Steve

by Jason Davidson

Art: “He Always Leaves Me in the Rain” by Matt McCain

boyhood then is broken toys and nobody really knows
the avalanche of notes I kept sorted, annotated:
we told one another we were aliens in order to maintain
a safe distance while we touched, our bicycles making
dumb love beneath the underbrush and afterwards we
kept our tongues tamped down, zebras in a zoo, we were
soldiers with secret handshakes, you carried baby around
on your back, a dutiful baboon, a modern family, I thought
I had it down or figured out, children are sincere until
adulthood, I thought I loved you until you closed your eyes
at the top of the water slide, you said: “I am not like you.” 
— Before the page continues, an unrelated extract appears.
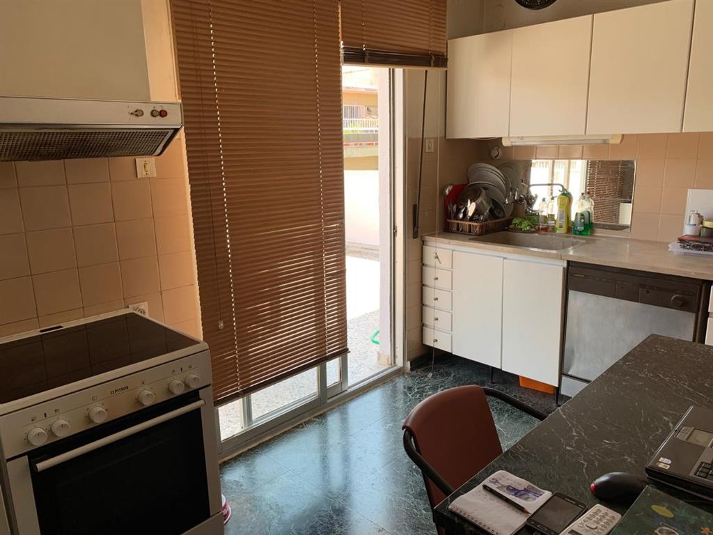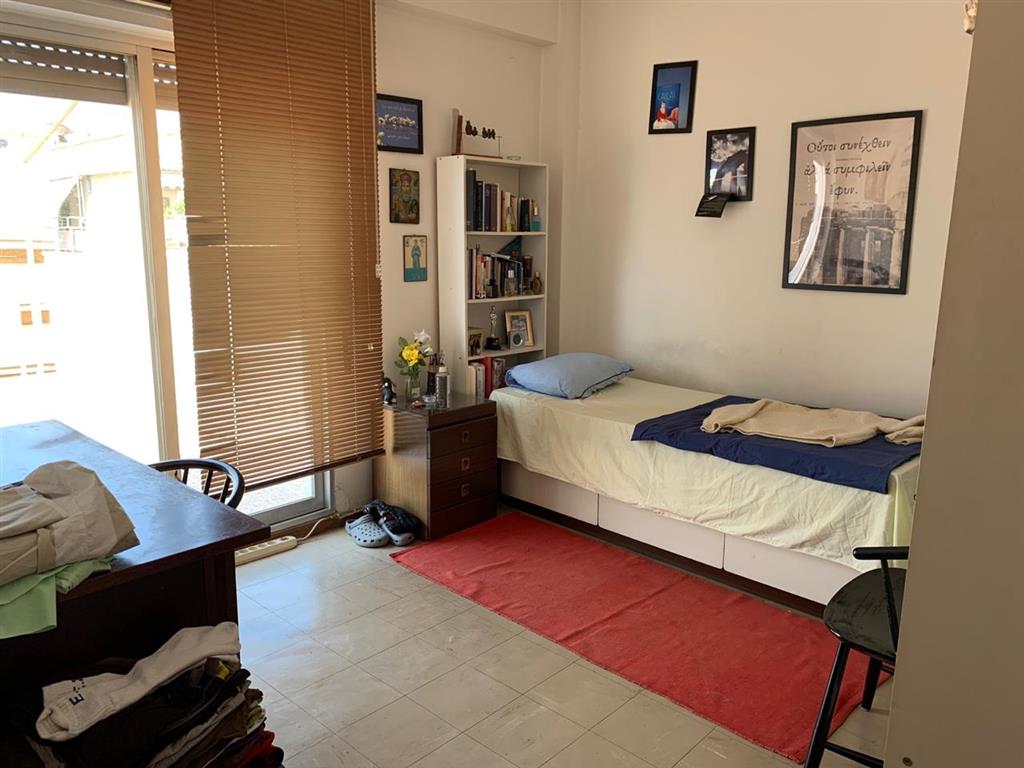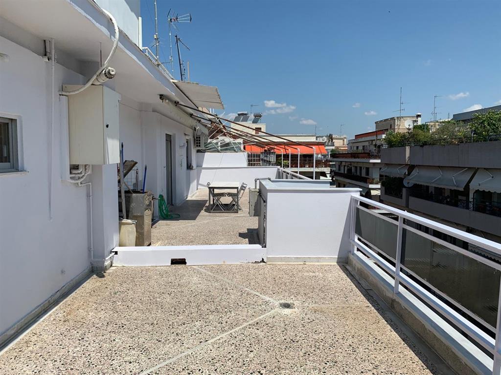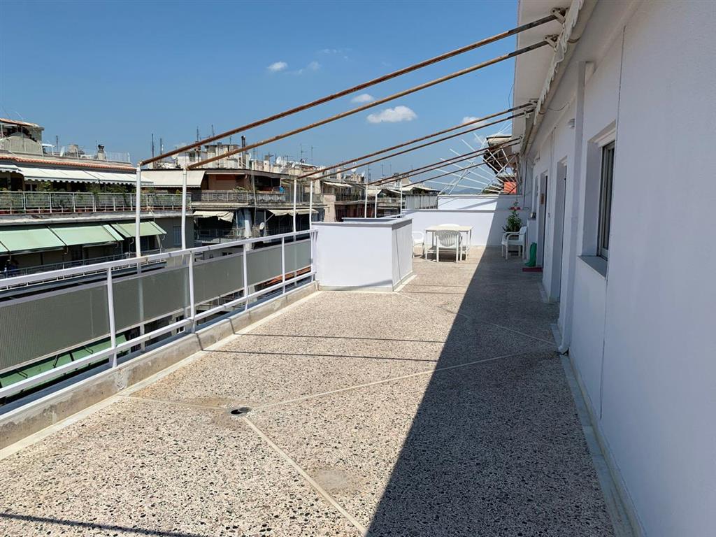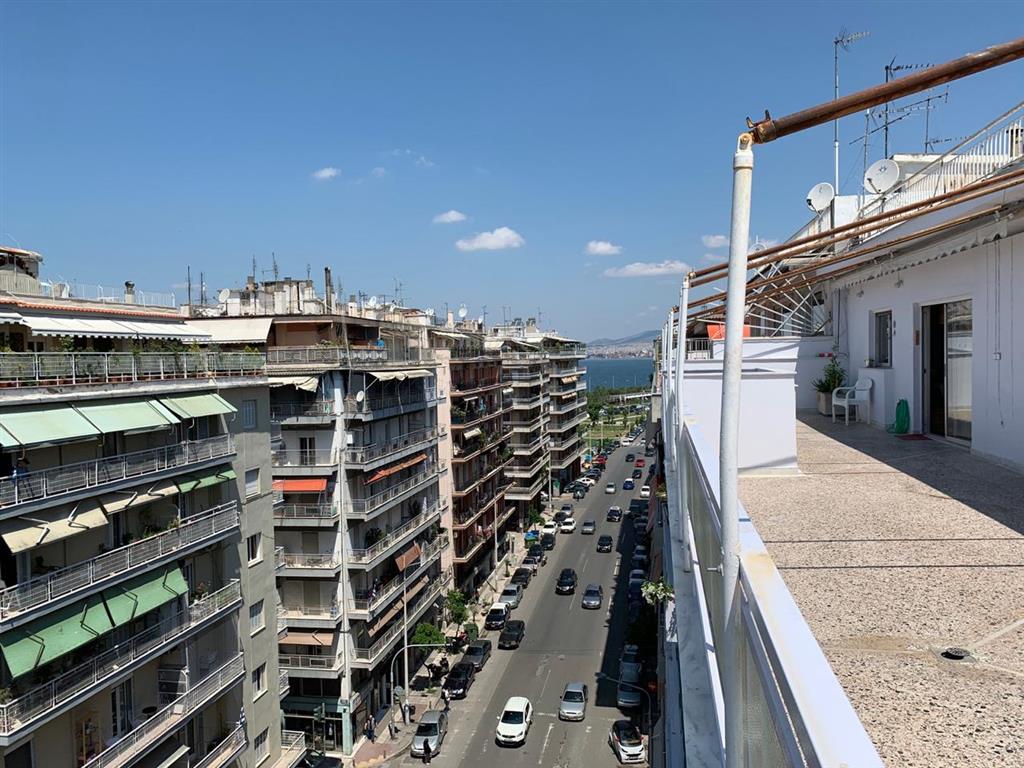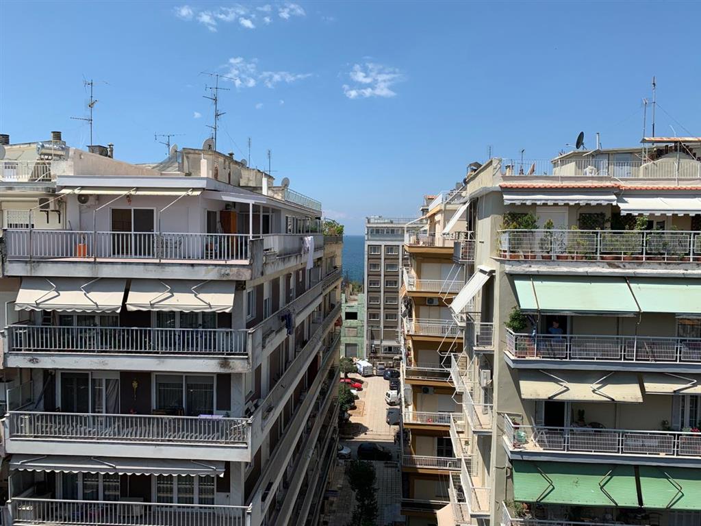 Apartment for sale 125 sqm in Thessaloniki. The apartment is located on the eighth floor and consists of 3 bedrooms, living room, one kitchen, one bathroom, one bathroom. The apartment has a corner location. The Windows offer views of the sea and the city. The object has solar panels for water heating, air conditioning, awnings.

a kind of comfort, then, my bike rusting in the rain,
a mirror of shame, all the truth of tutti-fruit.
in the middle of the night, I threw all the superheroes
out, practicing for another quiet burial, years later.
the limitations of our own restless expectations.  

love leaves like that, sometimes in a huff, and I’m
dousing all the scrapes with lemon juice, I’m scrubbing
the salt into my wounds like a certain loon, and soon
I waited for your replacement, the chaste wife, so sure
of all the riches waiting in that black-hole afterlife.
do we replace people like clean underwear, naked
under there, restocking the meat counter with fresh
cases of protein, he waited with the car running, clever
thief, voice as low as rumbled thunder, skin as warm as
melted butter, stealing the steaks from me, just as the
man who was not my father stole them from the grocery.
I was orange blossom water, now, then, the closest I
would come to having a daughter, one moment only
a boy, the next a recipe there is no way to follow.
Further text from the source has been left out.